The steel guitar arrived from Hawaii onto the US mainland in the early 20th century and its sound created a craze for Hawaiian music that lured travelers to the islands as the tourist industry formed. As the sonic icon of tropical tranquility from Hawaii, the electric steel guitar was taken into swing and country music on the mainland and then became the signature of country’s “hillbilly” sound. This sample sequence from our film in progress features a number of the “men of steel” who brought the steel guitar into country music; they played with numerous legendary singers from Hank Williams, Merle Haggard, Waylon Jennings, Willie Nelson, Johnny Cash and Patsy Cline, to musicians like Ringo Starr, Paul McCartney, George Harrison, Linda Ronstadt, James Taylor, Sting, and Elton John. In this scene, they recount the moment when the steel guitar redefined the sound of country music when pedals were added. The scene also flips over the steel guitar and follows its sound from its mechanical origins in the machinery of US military and aerospace industries toward a logical yet surprising direction.

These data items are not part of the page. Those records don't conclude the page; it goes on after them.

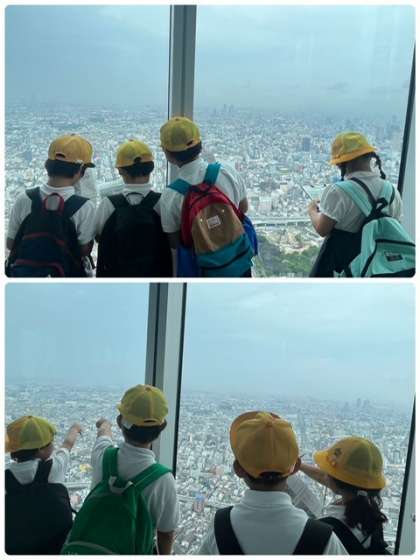 当日は少し天候が悪く、展望台から良い景色が見られないかと心配していましたが、霧もなく、大阪市内を一望することができ、天王寺動物園や大阪城を見つけると児童たちはとても喜んでいる様子でした。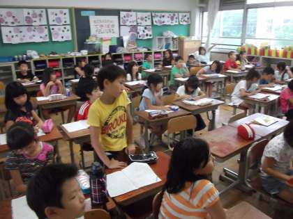 算数の時間に時計を使って「時間」についての学習をしています。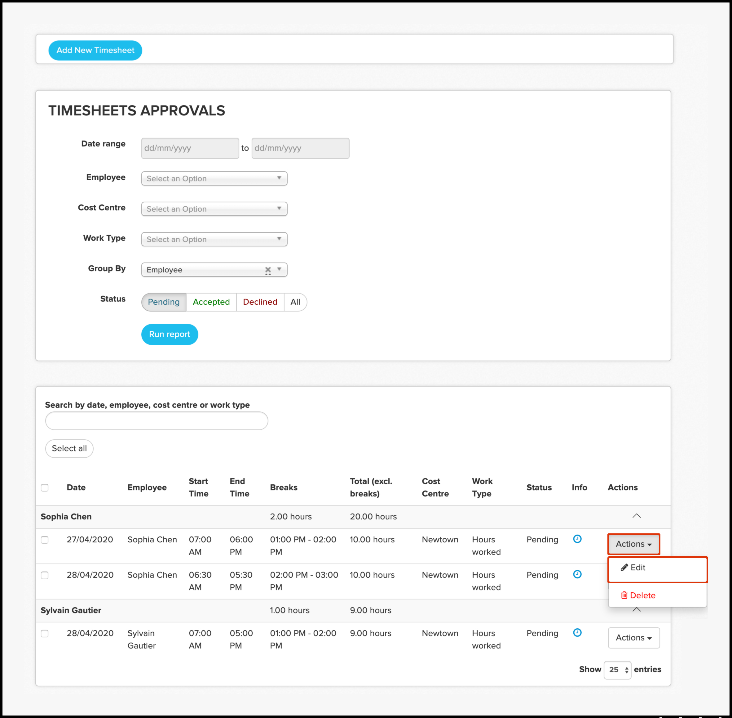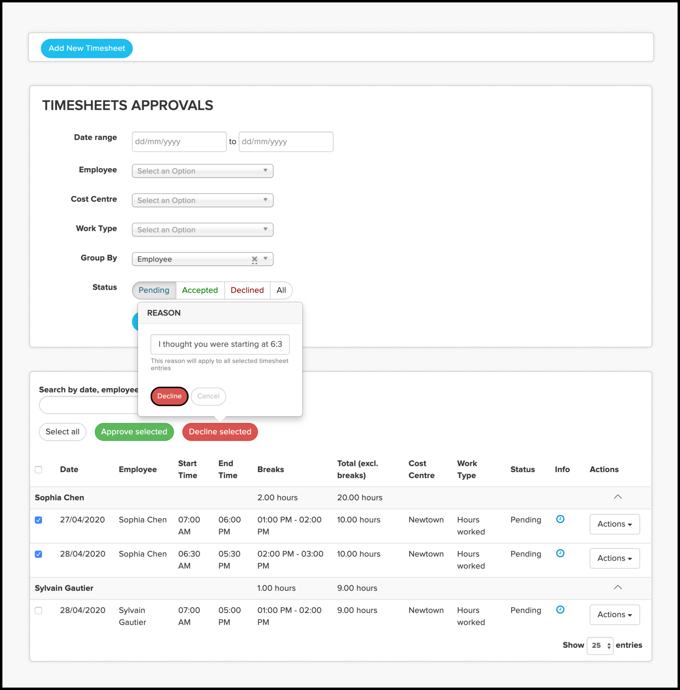 Approve and decline timesheets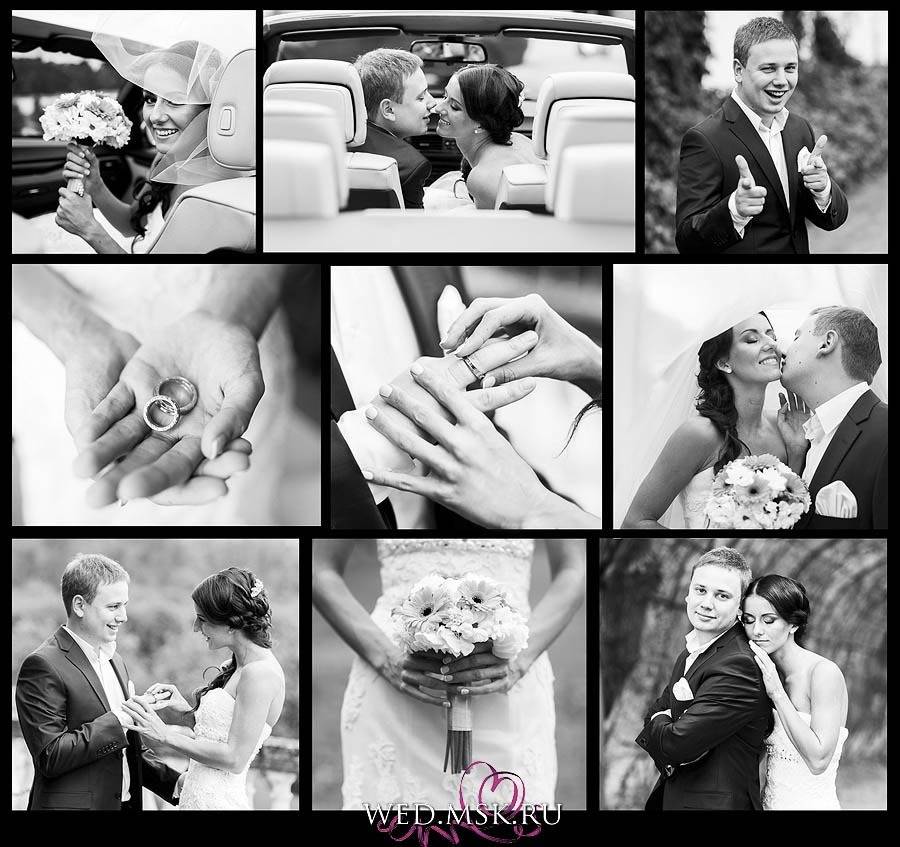 21. Коллажи — отличный способ скомпоновать свадебные фотографии, и рассказать историю. Попробуйте собрать несколько фотографий в одну общую композицию, объединенную одной идеей. Обязательно используйте все возможности современных фоторедакторов. Самый классный эффект — это черно-белые фотографии.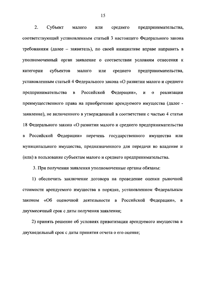 "ОБ ОСОБЕННОСТЯХ ОТЧУЖДЕНИЯ НЕДВИЖИМОГО ИМУЩЕСТВА, НАХОДЯЩЕГОСЯ В ГОСУДАРСТВЕННОЙ СОБСТВЕННОСТИ СУБЪЕКТОВ РОССИЙСКОЙ ФЕДЕРАЦИИ ИЛИ В МУНИЦИПАЛЬНОЙ СОБСТВЕННОСТИ И АРЕНДУЕМОГО СУБЪЕКТАМИ МАЛОГО И СРЕДНЕГО ПРЕДПРИНИМАТЕЛЬСТВА, И О ВНЕСЕНИИ ИЗМЕНЕНИЙ В ОТДЕЛЬНЫЕ ЗАКОНОДАТЕЛЬНЫЕ АКТЫ РОССИЙСКОЙ ФЕДЕРАЦИИ"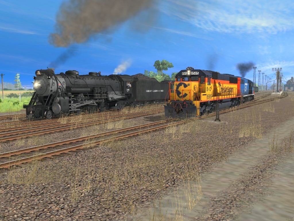 Tags: Trainz: A New Era, Adrianville, Adrianville Finale PhotoOp, GL&O 195 Engine, Chessie SD50 (B&O), GTW SD40, GL&O 195 Tender, GL&O Combine Heavyweight, GL&O Coach Heavyweight, DT&I EV caboose, VIA Rail Budd 8138 HEP1 Coach, Observation-Business Car Georgia 300, Pullman 12-1-1 Brownish Green Stripe, CN P70 Coach

In interviews not included in this scene, these pioneer steel players recount how the music industry promoted the steel guitar’s “voice” and used its “hillbilly” sound as an icon to distinguish and promote country music as a commodity. Steel guitar players were prominently featured as soloists by kicking off songs and using the steel’s voice to dialogue with vocalists, as Don Helms describes his playing to accompany Hank Williams. But when the music industry shifted its emphasis from live performances to selling recorded music in the late ‘50s to early 1960s, the industry promoted vocalists more heavily and diminished steel guitar’s prominence. Rather than playing a role as a musical “voice,” the steel was used for fills and blended into the background as “texture.”
In many single records aimed at crossing over into popular markets, producers replaced the steel (and the fiddle) tracks with strings and a chorus in order to “de-hick” country music. By the late 1960s, however, the L.A. rock band The Byrds devoted their 1968 album Sweetheart of the Rodeo to a country sound and featured two top session players in L.A. and Nashville on steel guitar, including Lloyd Green who appears in this scene. By addressing country and rock audiences, Sweetheart sought to diminish cultural and political differences between the US south and north during the Vietnam War. Musically, the record opened country and steel guitar music to pop and rock artists such as the Rolling Stones, and back in Southern California, Buffalo Springfield, the Eagles, Linda Ronstadt, and Jackson Browne. The pedal steel guitar sound was used in many of the rock, pop and country radio hits well into the 1970s. Perhaps the most well-known steel guitar lick to this date is the one that kicks off Crosby, Stills, Nash and Young’s “Teach Your Children,” a song that was inspired by anti-war sentiment and belies its sonic origins in the machinery of the military industrial complex.